Milan Barta, a senior researcher at Prague's Institute for Study of Totalitarian Regimes who examined copies of documents released by Cambridge University to The Associated Press, said the operation against the Prague Spring protagonists was the first such KGB action against a Warsaw Pact ally.
"The agents were previously based in Western countries, and that shows it was of great importance for them," Barta said. "The Soviet side was afraid that Czechoslovakia was turning to the West."
He said the mission was part of the preparation for the Soviet-led military invasion that crushed the reform movement in August 1968.
The documents are copies of KGB files smuggled out of Russia in 1992 by senior KGB official Vasili Mitrokhin.

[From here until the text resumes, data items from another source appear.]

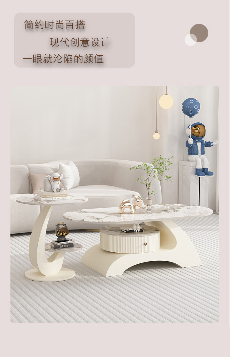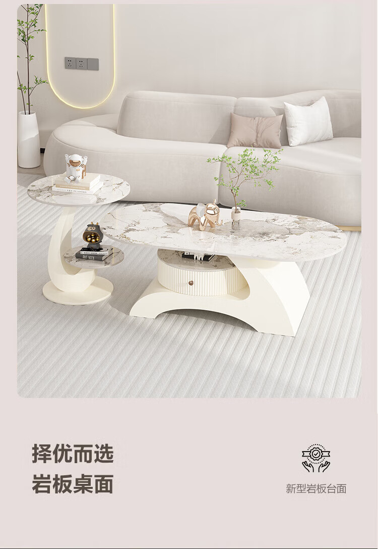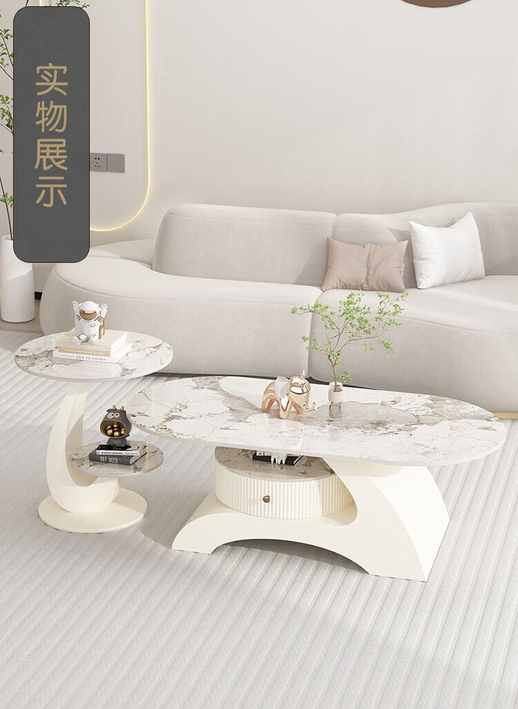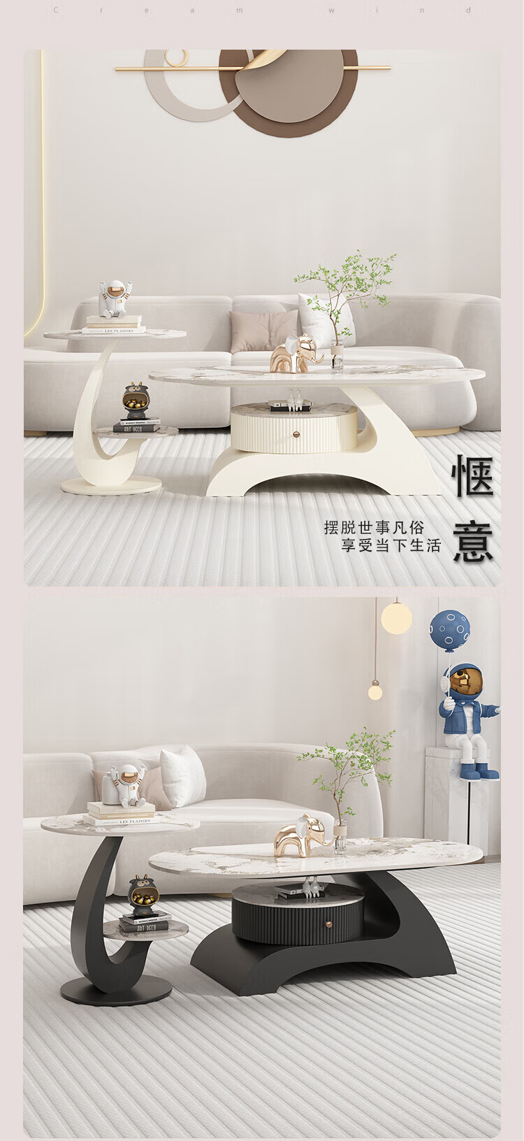 Champs Ruijing cream style slate coffee table for living room 2026 new style light luxury high-end home modern simple creative tea table off-white base + snow mountain white slate + side table 50CM length 130CM width 70CM height 45CM
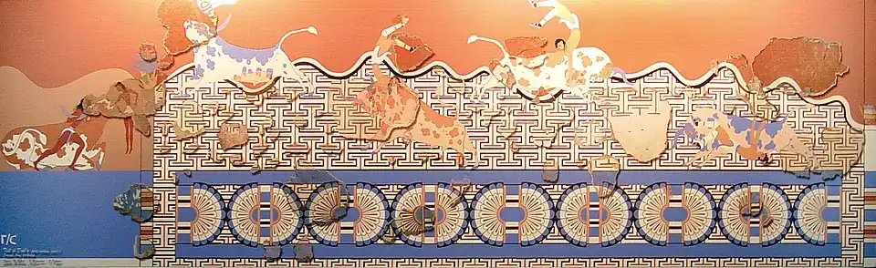 На фресках изображены прыжки через быка, схватки быков, грифоны и охота.
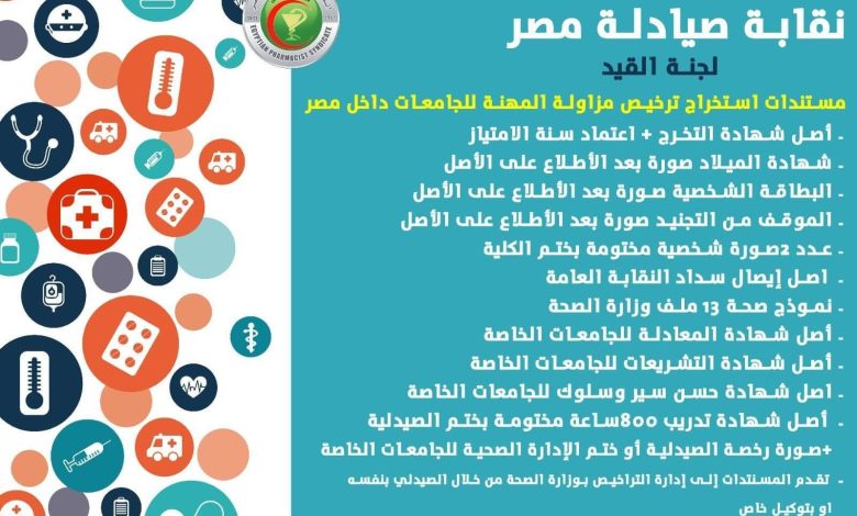 وأوصحت نقابة الصيادلة ان المستندات المطلوبة للقيد بالنقابة لخريجي الجامعات الحكومية والخاصة، وكذلك الجامعات الأجنبية خارج مصر، بالإضافة إلى الأوراق المطلوبة لاستخراج ترخيص مزاولة المهنة كالتالى

Cambridge University is giving researchers access to 19 boxes containing thousands of files.
The unidentified agents were supposed to "infiltrate the reactionary circles" and to carry out unspecified special operations.
Among those they were ordered to target were authors Milan Kundera and Pavel Kohout, leading journalists and academics and students from Prague's Charles University.
"They considered the worst enemies those who could influence public opinion through media," Barta said. "They concluded that the major supporters and driving force of the reforms are the media and people linked to them."
Two of the spies made a failed attempt to kidnap literary historian Vaclav Cerny and author Jan Prochazka.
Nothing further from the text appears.